Which "burdens," you ask? Jury duty? Mowing the lawn? Pretending you saw the walk-off home run when, in fact, you fell asleep watching The Devil Wears Prada for the fourth time this month?
"In particular, Congress might consider a law exempting a President—while in office—from criminal prosecution and investigation, including from questioning by criminal prosecutors or defense counsel. Criminal investigations targeted at or revolving around a President are inevitably politicized by both their supporters and critics. As I have written before, 'no Attorney General or special counsel will have the necessary credibility to avoid the inevitable charges that he is politically motivated—whether in favor of the President or against him, depending on the individual leading the investigation and its results.' The indictment and trial of a sitting President, moreover, would cripple the federal government, rendering it unable to function with credibility in either the international or domestic arenas. Such an outcome would ill serve the public interest, especially in times of financial or national security crisis.
Even the lesser burdens of a criminal investigation— including preparing for questioning by criminal investigators— are time-consuming and distracting"
Donald Trump, a large boy in ill-fitting suits, thinks he is playing Monopoly. Last night he nominated a 'Get out of Jail Free' card to the U.S. Supreme Court.
Kavanaugh's belief is that we, the public, already have recourse to punish a president who has committed "dastardly" actions: impeachment. This presumes we have a Congress willing to investigate the president. We do not.
Robert Mueller's investigation has led to 20 indictments and a handful of guilty pleas, including from Trump's former campaign manager and his short-lived appointee to be National Security Advisor. Evidently unimpressed with an international conspiracy, the chair of the House Judiciary Committee has called for an investigation into one horny FBI agent. Sorry: former FBI agent.

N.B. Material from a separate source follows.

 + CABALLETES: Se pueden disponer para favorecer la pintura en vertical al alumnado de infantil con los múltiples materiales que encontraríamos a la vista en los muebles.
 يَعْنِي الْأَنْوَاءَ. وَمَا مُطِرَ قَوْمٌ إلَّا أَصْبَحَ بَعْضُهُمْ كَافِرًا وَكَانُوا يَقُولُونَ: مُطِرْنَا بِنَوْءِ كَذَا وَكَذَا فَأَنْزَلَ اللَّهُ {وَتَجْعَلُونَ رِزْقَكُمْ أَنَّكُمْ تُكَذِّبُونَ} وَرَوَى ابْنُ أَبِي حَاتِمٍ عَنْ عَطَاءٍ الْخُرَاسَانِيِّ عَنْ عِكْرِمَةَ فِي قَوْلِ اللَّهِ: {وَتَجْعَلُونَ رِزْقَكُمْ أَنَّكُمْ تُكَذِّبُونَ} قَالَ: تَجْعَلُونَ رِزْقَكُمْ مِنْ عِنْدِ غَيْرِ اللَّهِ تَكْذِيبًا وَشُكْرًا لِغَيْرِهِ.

And the head of the House Oversight and Government Reform Committee has said America is being "hurt" by the Mueller investigation, and publicly called on the FBI and the Justice Department to "finish it the hell up."
Wanna bet on those guys initiating impeachment proceedings for Donald Trump?

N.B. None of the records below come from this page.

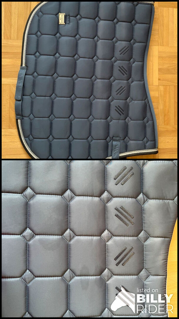 VS Saddle Pad - Sadelpadden har bara varit på hästen några få gånger, så den är i gott skick. Sadelpadden är dock otvättad, vilket är anledningen till att ett svettmärke syns och att det fortfarande finns hästhår på sadelpadden. Dessa små fläckar bör dock försvinna när de tvättas. Sadelunderlägget kostar 54,90 € som nytt
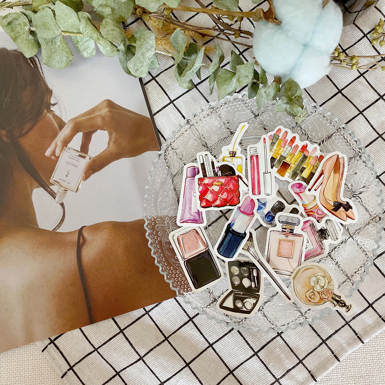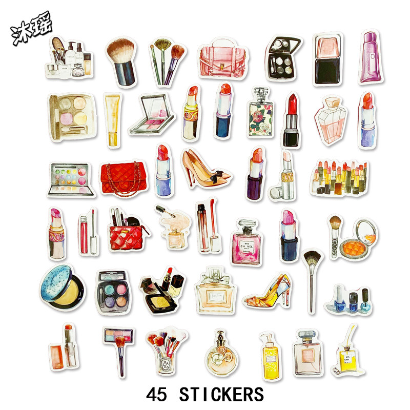 Handbill sticker 45 sheets of hand-painted fashion Fragrance mouth red High heel Shoes Cosmetics Material Mobile Phone Diy Waterproof Stickers
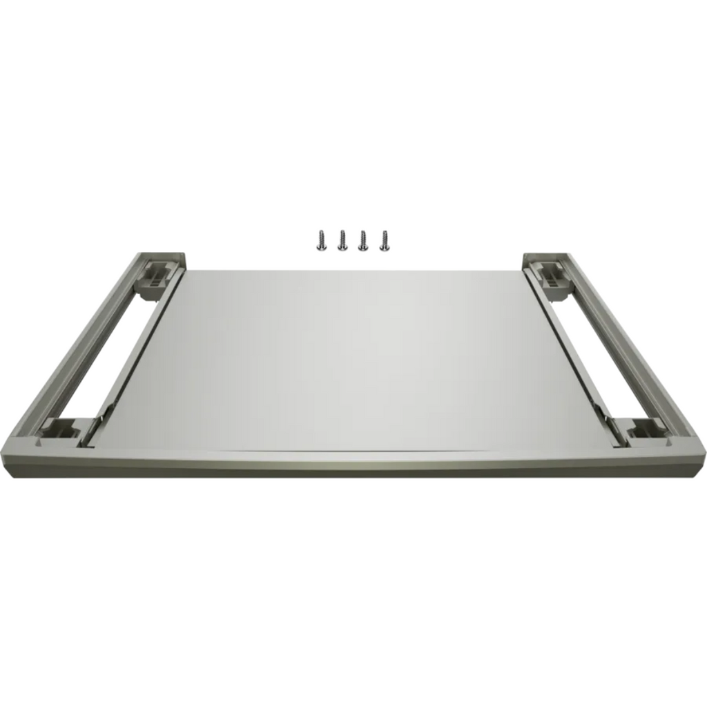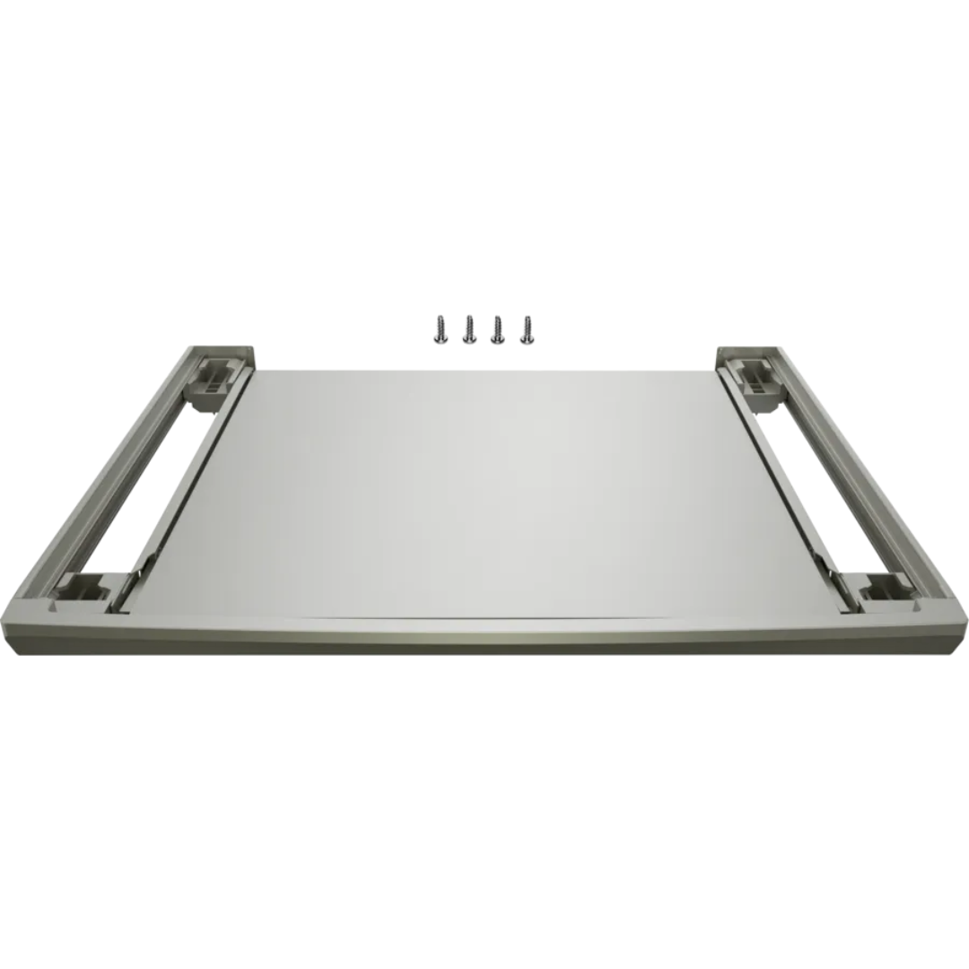Laundry Stacking Kit with Pull-Out Tray for Compact Washer & Dryer in Silver.
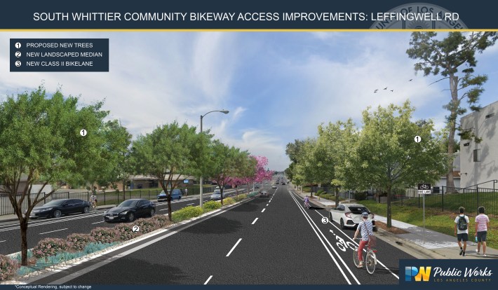 Supervisor Janice Hahn and the L.A. County Department of Public Works recently announced the approval of the $27 million South Whittier Community Bikeway Access Improvements project, which will install 3 miles (6 lane-miles) of new bike lanes on Leffingwell Road and Valley View Avenue.
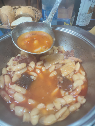 Comida rica, sabrosa, abundante y bien cocinada. Si ves el local desde fuera, no te llama para que entres, pero no sabes lo que te estás perdiendo al no entrar y probar su fabada asturiana (rica, con sabor al puchero de la abuela,tierna y buen producto) entramos por casualidad y porque una paisana nos lo recomendó y acertó al hacerlo. Ambiente cercano de bar de pueblo, sin grandes alardes y adornos, más bien algo descuidado en cuanto imagen con el techo con manchas, pero que no desmerece parar para comer allí. Precio-calidad- cantidad super recomendable y el trato del camarero que nos atendió fue perfecto, atento y servicial, que no servil. Volveremos si estamos por la zona. Gracias por la...
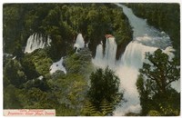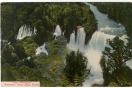 "Salto Pilmaiquen" [fotografía] / Oscar Mayr. Osorno : Oscar Myer, [entre 1905 y 1922]. 1 tarjeta postal : litografía, monocromo coloreado, gelatina sobre papel fibra ; 14 x 9 cm. .
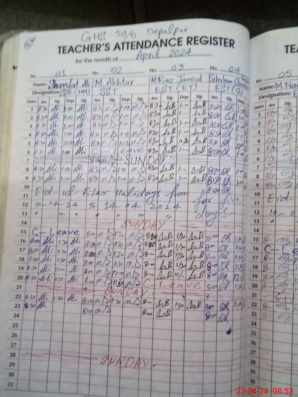| CNIC | Full Name | Designation | R/C | Absence During Last Calender Month |
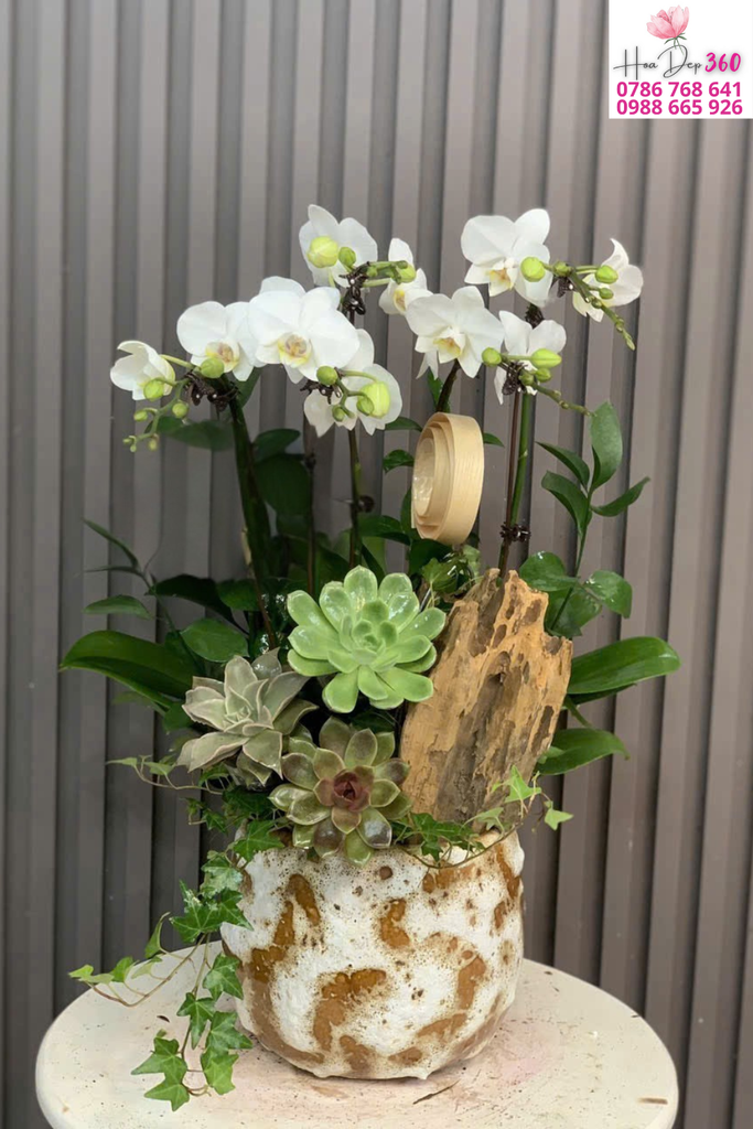 Phối hoa:Nhiều cành lan nở đều, xen kẽ nụ xanh khỏe mạnh, kết hợp các loại sen đá và dây leo xanh, tạo bố cục hài hòa và giàu sức sống.
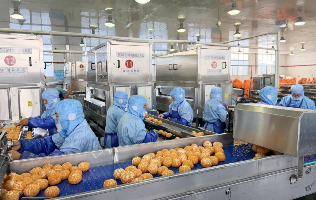 走进生产车间,一颗颗金灿灿的橘子正沿着智能生产线欢快“奔跑”。经过自动清洗、精准分选、灌装和连续低温杀菌等多道工序后,这些罐头即将发往美国、加拿大等10余个国家和地区。“眼下我们13条生产线满负荷运转,每天开工12小时,生产计划已经排到了2026年春节。”该公司品质管理负责人罗吉丽介绍说。
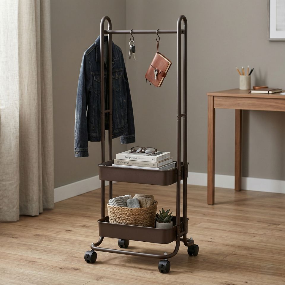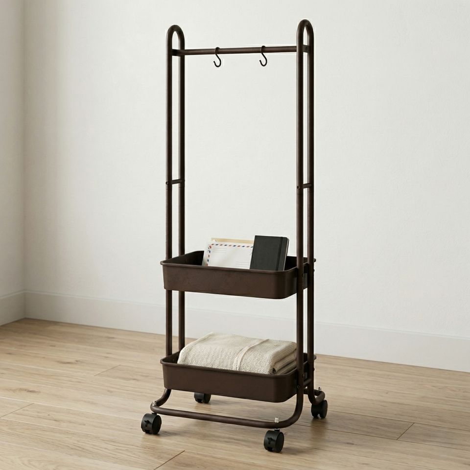 Vente OEM Porte-vêtements double suspendu en métal Roues DIY Home Housewares Organisateur de stockage Fabricant d'usine pour la blanchisserie

If, like Brett Kavanaugh, you think the only check on a president's power is Congres, you should vote. But who are we kidding? You're Minnesotan. You were going to vote anyway.

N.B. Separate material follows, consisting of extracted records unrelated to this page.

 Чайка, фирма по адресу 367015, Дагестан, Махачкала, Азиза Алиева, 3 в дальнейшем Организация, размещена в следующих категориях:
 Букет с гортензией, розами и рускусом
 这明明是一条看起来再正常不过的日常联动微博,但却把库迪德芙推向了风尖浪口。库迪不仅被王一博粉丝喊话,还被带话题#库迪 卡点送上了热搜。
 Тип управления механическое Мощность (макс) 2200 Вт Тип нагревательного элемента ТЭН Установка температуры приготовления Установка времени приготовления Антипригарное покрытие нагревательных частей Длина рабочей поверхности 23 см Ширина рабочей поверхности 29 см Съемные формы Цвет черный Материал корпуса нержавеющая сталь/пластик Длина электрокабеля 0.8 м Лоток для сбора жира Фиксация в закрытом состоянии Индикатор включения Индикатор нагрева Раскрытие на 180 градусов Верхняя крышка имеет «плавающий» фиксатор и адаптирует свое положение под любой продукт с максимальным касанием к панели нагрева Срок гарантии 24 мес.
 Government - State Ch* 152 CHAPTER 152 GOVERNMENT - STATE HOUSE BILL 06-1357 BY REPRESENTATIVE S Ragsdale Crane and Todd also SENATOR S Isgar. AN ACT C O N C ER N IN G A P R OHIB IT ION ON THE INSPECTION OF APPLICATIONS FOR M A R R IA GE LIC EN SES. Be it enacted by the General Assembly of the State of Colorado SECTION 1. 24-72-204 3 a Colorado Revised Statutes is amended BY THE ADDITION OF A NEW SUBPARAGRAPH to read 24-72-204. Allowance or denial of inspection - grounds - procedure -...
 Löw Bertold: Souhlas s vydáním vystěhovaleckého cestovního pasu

If, unlike Brett Kavanaugh, you think Robert Mueller's investigation is not "time-consuming and distracting," but essential, then you should do something unMinnesotan, and shout about his frightening theory from the rooftops. (Hint: Aim in the direction of your friends who live in states with centrist Republican senators.)
Back when Kavanaugh first gave his speech about "burdens of ordinary citizens" at the University of Minnesota, America was two weeks from a presidential election pitting Barack Obama against John McCain. When he published his Minnesota Law Review paper, the country was gearing up for an election between Obama and Mitt Romney.
Things are different now. The country's in the hands of a charlatan with no respect for the Constitution, Congress, or judges. If that thought troubles Brett Kavanaugh, don't expect the nominee to start singing a different tune. He owes the biggest moment of his career to that charlatan.